◆ **Provided material**:

=====

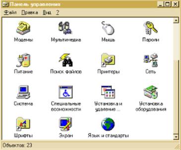 Операционная система Windows предоставляет пользователю ряд инструментов для настройки своей среды. Все они находятся в папке Панель управления. Доступ к этой папке осуществляется через Главное меню. После нажатия кнопки "Пуск" в меню следует выбрать пункт Настройка, а затем в подменю - пункт Панель управления. Все инструменты, находящиеся в папке Панель управления, можно условно разделить на два класса: класс инструментов для системной настройки. Эти инструменты используются для настройки оборудования и установки приложений. К ним можно отнести: установку или удаление программ; подключение двух или более мониторов; установку, тестирование и конфигурирование оборудования; изменение настройки Интернет; установку паролей и др.; класс инструментов для настройки пользовательского интерфейса. Эти инструменты позволяют изменять внешний облик системы. К ним можно отнести; установку даты и времени; изменение оформления Рабочего стола (звук, фон, заставку и др.); поддержку необходимого языка; выбор видов указателя мыши и др.; На рис. 12.22 представлена папка Панель управления, которая содержит значки программ для реализации определенной функции. Щелчком мыши по значку вызывается соответствующая программа, которая в диалоговом режиме предлагает пользователю установить необходимые параметры настройки.
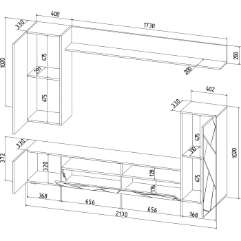 Набор мебели для гостиной NEO-5 (Серый/ Белый) Ш2130 В1700 Г330 Без подсветки
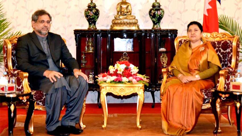~PM Shahid Khaqan Abbasi with Nepalese President Bidya Devi Bhandari in Kathmandu

=====

◆ **Exercise requirements**: What you return must match the data above exactly, with no images included.

◆ **Answer below**:
 Операционная система Windows предоставляет пользователю ряд инструментов для настройки своей среды. Все они находятся в папке Панель управления. Доступ к этой папке осуществляется через Главное меню. После нажатия кнопки "Пуск" в меню следует выбрать пункт Настройка, а затем в подменю - пункт Панель управления. Все инструменты, находящиеся в папке Панель управления, можно условно разделить на два класса: класс инструментов для системной настройки. Эти инструменты используются для настройки оборудования и установки приложений. К ним можно отнести: установку или удаление программ; подключение двух или более мониторов; установку, тестирование и конфигурирование оборудования; изменение настройки Интернет; установку паролей и др.; класс инструментов для настройки пользовательского интерфейса. Эти инструменты позволяют изменять внешний облик системы. К ним можно отнести; установку даты и времени; изменение оформления Рабочего стола (звук, фон, заставку и др.); поддержку необходимого языка; выбор видов указателя мыши и др.; На рис. 12.22 представлена папка Панель управления, которая содержит значки программ для реализации определенной функции. Щелчком мыши по значку вызывается соответствующая программа, которая в диалоговом режиме предлагает пользователю установить необходимые параметры настройки.
 Набор мебели для гостиной NEO-5 (Серый/ Белый) Ш2130 В1700 Г330 Без подсветки
~PM Shahid Khaqan Abbasi with Nepalese President Bidya Devi Bhandari in Kathmandu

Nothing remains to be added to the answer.